The sample space (AA, Aa, aA, aa) in this case includes equally likely outcomes. Among the 4 outcomes, there are exactly 2 in which the two components are different: Aa and aA. We can use the classical approach to get
P (outcome with different components) = 24 = 0.5
Summary of Key Probability Rules
Case |
Probability |
Observations |
Special Addition Rule |
P(A or B) = P(A) + P(B) |
A and B are mutually exclusive |
General Addition Rule |
P(A or B) = P(A) + P(B) – P(A and B) |
Always true |
Special Multiplication Rule |
P(A and B) = P(A) x P(B) |
Only if A and B are independent |
General Multiplication Rule |
P(A and B) = P(A) x P(B/A) |
Always true |
Conditional Probability |
P(B/A) = P(A and B) / P(A) |
· A and B are mutually exclusive if they cannot occur simultaneously.

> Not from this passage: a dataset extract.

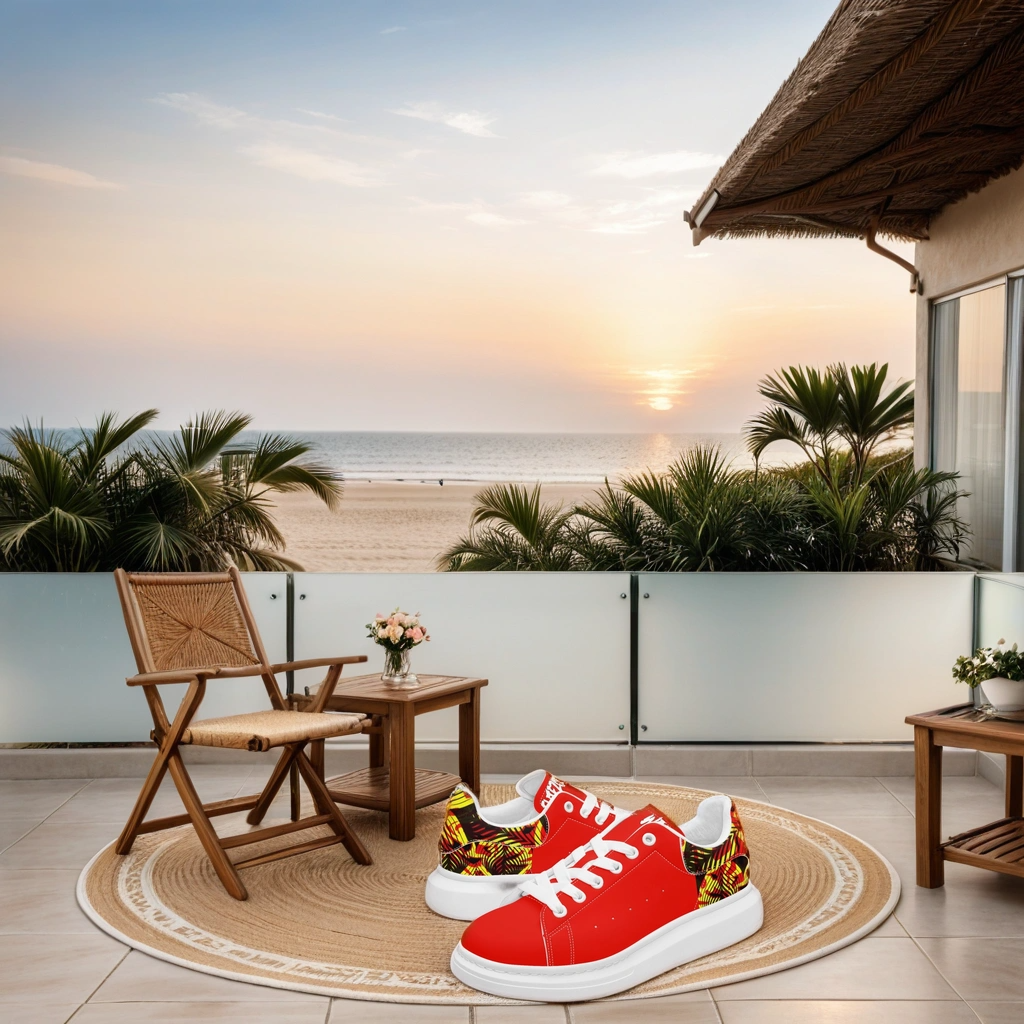 Upgrade your shoe game with the FZ African Print Sneakers. These stylish and fashionable sneakers feature a unique African print design and are made with high-quality leather, ensuring both comfort and style. Perfect for any outfit, these sneakers are a must-have for any fashion-forward individual.

· A and B are independent events if the occurrence of one does not change the probability that the other occurs.
Examples:
The following table shows the results from experiments with polygraph instruments:
Test Result |
The subject did not lie (No) |
The subject lied (Yes) |
Positive test result(subject lied) |
15 (false positive) |
42 (true positive) |
Negative test result(subject did not lie) |
32 (true negative) |
9 (false negative) |
a. If 1 subject is randomly probability of selecting a subject who had a positive test result or lied.
From the table we see that there are 66 subjects who had a positive test result or lied. We obtain that total of 66 by adding the subjects who tested positive to the subjects who lied, being careful to count everyone only once (15 + 42 + 9 = 66).
Dividing the total of 66 by the overall total of 98, we get: 66/98 or 0.673.
b. Assuming that 1 subject is randomly selected from the 98 that were tested, find the probability of selecting a subject who had a negative test result or did not lie.
From the table we must find the total number of subjects who had negative test results or did not lie, but we must find that total without double-counting. We get a total of 56 (from 32 + 9 + 15). Because 56 subjects had negative test results or did not lie, and because there are 98 total subjects included, we see P (negative test result or did not lie) = 5698 = 0.571
c. If two of the subjects included in the table are randomly selected without replacement, find the probability that the first selected person had a positive test result and the second selected person had a negative test result.
First selection:
P (positive test result) = 5798
(because there are 57 subjects who tested positive, and the total number of subjects is 98).
Second selection:
P (negative test result) = 4197
(after the first selection of a subject with a positive test result, there are 97 subjects remaining, 41 of whom had negative test results).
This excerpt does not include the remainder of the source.